Subsidi Gagal? AISI Sebut Penjualan Motor Listrik dalam Indonesia Masih Jauh dari Harapan
JAKARTA – otoritas Indonesia gencar mengiklankan motor listrik sebagai solusi transportasi ramah lingkungan. Subsidi juga berbagai insentif digelontorkan untuk menyokong rakyat beralih dari motor konvensional ke motor listrik.
Namun, kenyataannya, perdagangan motor listrik masih berjauhan dari ekspektasi. Apa yang mana sebenarnya terjadi?
Asosiasi Industri Sepeda Motor Indonesia (AISI) mengungkap banyak tantangan yang digunakan menciptakan motor listrik sulit menembus lingkungan ekonomi Indonesia.
Data Penjualan Motor Listrik
Berdasarkan data Asosiasi Industri Sepeda Motor Indonesia (AISI), dari 2017 sampai 2023, transaksi jual beli motor listrik hanya sekali berjumlah 54 ribu unit. Artinya, bilangan bulat yang dimaksud masih terpencil dari yang tersebut diharapkan.
Tahun Penjualan (Unit)
2023 11.532
2024 (hingga Q1) 11.563
(Sumber: Sisapira)
Tantangan Terbesar Motor Listrik di tempat Indonesia
1. Keterbatasan Jarak Tempuh serta Waktu Pengisian Daya
Jarak tempuh motor listrik yang digunakan terbatas juga waktu pengisian daya yang dimaksud lama menjadi kendala utama bagi penduduk Indonesia yang tersebut terbiasa dengan motor konvensional yang mana praktis.
“Di di industrinya, penerimaan konsumen, ternyata tak secepat roda empat. Alasannya keterbatasan jarak serta waktu charging lama, padahal pengendara motor butuh kecepatan serta range yang tersebut jauh,” ungkap Johannes Loman, Ketua Umum AISI.
2. Harga Masih Tinggi
Harga motor listrik pada waktu ini masih relatif mahal dibandingkan motor konvensional. Hal ini menjadi pertimbangan utama bagi konsumen Indonesia yang tersebut sensitif terhadap harga.
“Yang tak kalah penting harga jual serta peace of mind.

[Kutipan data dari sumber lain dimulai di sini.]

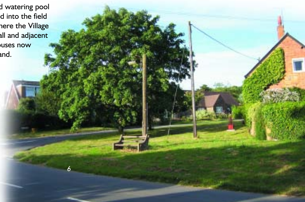
The Middle Green

As the village developed further south, another open space or Green was established running from where the telephone box now stands to the east as far as Westwood House, back to the churchyard wall to the north side where the remnants of the Village Pound still exist. This was where stray livestock would be kept until claimed by the owners who would have to pay a fine. Up to about a hundred years ago, village workshops and a smithy stood where the Holly Bush Inn car park is now situated. It is possible that the earliest school was also on this site, all facing onto this Middle Green.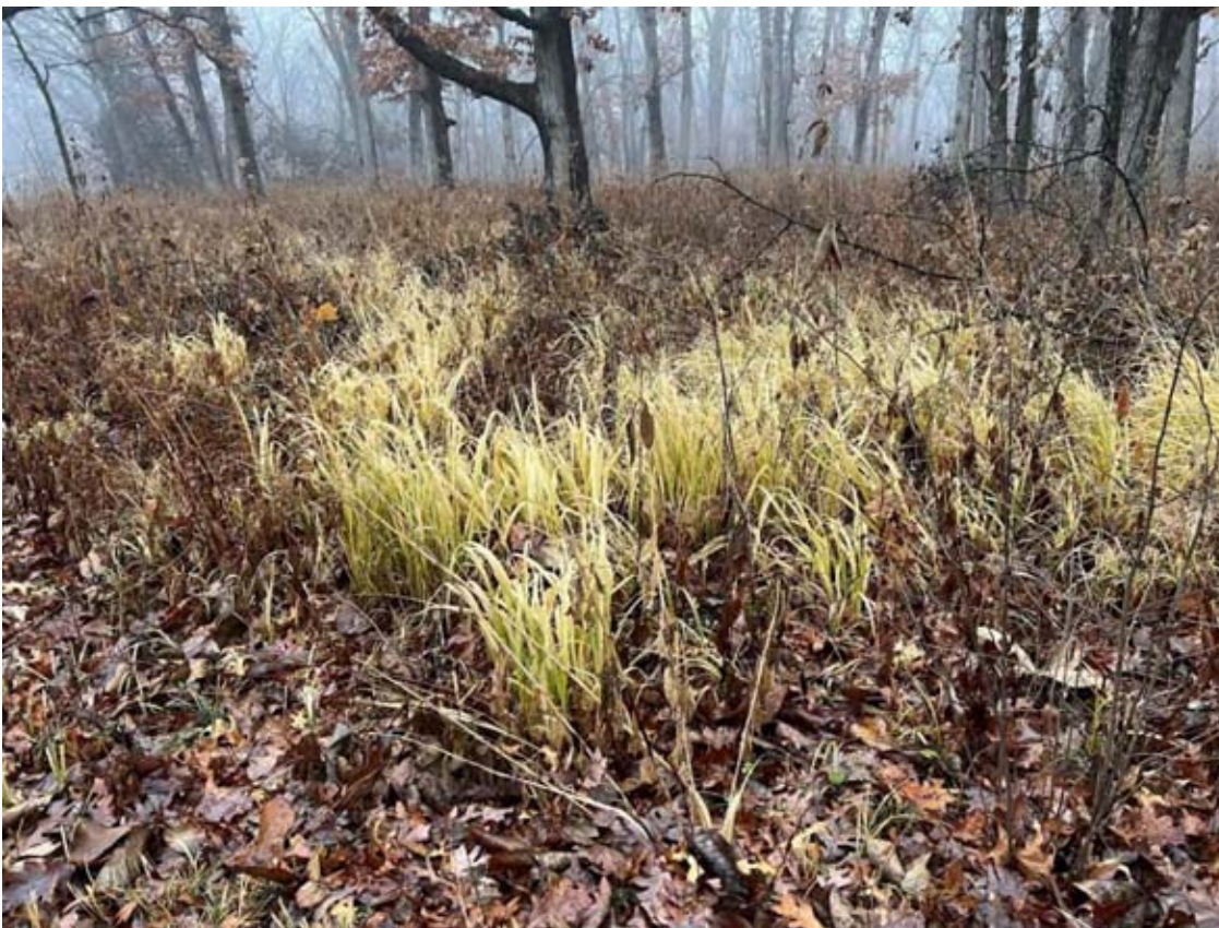
American beak grass has greatly increased in a woodland unit we have burned frequently for two decades. The brush layer is diminished, and the oak and hickory have space.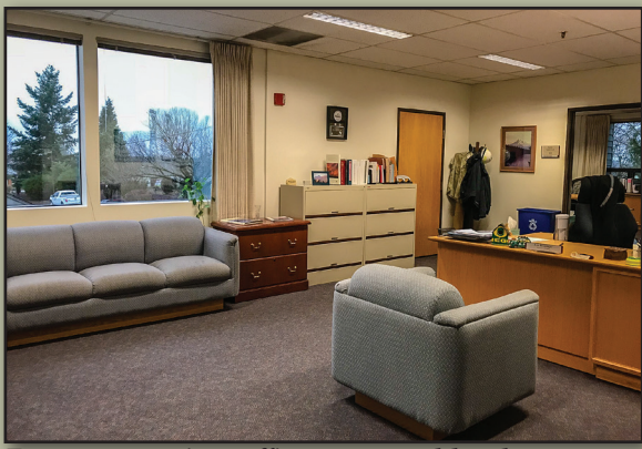
Forest supervisor office on second level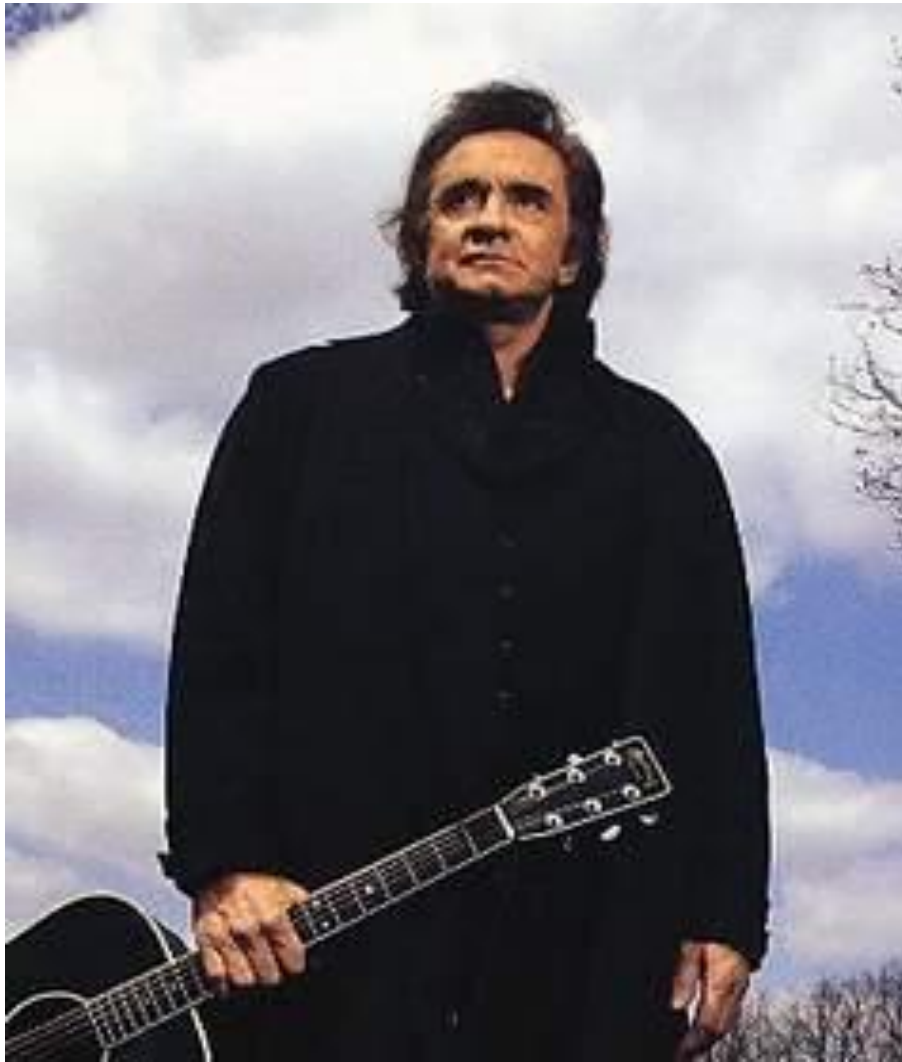
JOHNNY CASH (2003)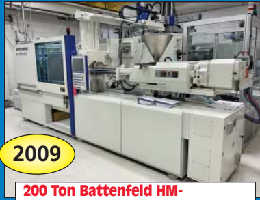
200 Ton Battenfeld HM-1800/1000 Injection Molder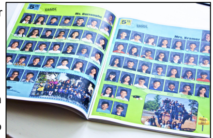
The Northwood Yearbook 2016/17

Monday, April 9th is the last day to enjoy the special discount of the Yearbook pre-orders. The price will go up to $22 after Monday, April 9th,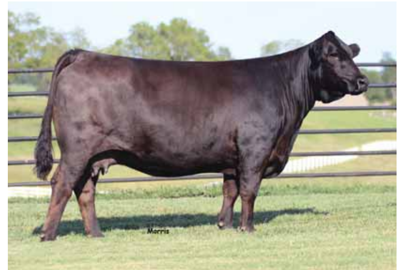
MAGS Manuela, dam of Lots 12 and 13.

MAGS Manuela made her mark in the Limousin breed as the top money generating female of all time. She is the black purebred daughter of EXLR Limited Edition that consistently produced excellence for owner Sugar Bush over the past several years. She has left many daughters in our breed that have produced excellence and have topped sales across the land.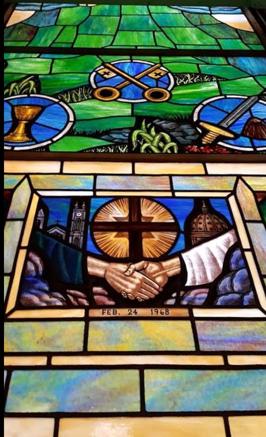
The Ecumenical Window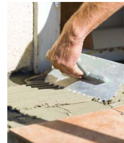
Great under tile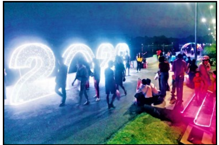
Installation of decorative lights and people welcoming international new year at the Bank of Inya Lake on Pyay road in Yangon

Penerimaan konsumen itu yang dimaksud penting, kalau konsumen kebutuhannya tercukupi, konsumen akan segera beralih,” ungkap Loman.
3. Keterbatasan Infrastruktur Pendukung
Ketersediaan stasiun pengisian daya umum (SPLU) yang mana masih terbatas juga menjadi kendala di adopsi motor listrik. Customer khawatir akan kesulitan mengisi daya motor listrik merek ketika berpergian jauh.
4. Kurangnya Kesadaran dan juga Edukasi
Masyarakat masih kurang mendapatkan informasi kemudian edukasi yang dimaksud cukup tentang keunggulan serta kegunaan motor listrik. Hal ini menyebabkan banyak konsumen yang digunakan masih ragu untuk beralih ke motor listrik.
5. Skor Jual Kembali
Konsumen Indonesia juga mempertimbangkan nilai jual kembali pada waktu membeli kendaraan. Saat ini, lingkungan ekonomi motor listrik bekas masih belum tumbuh dengan baik, sehingga konsumen khawatir akan kesulitan mengedarkan kembali motor listrik mereka dikemudianhari.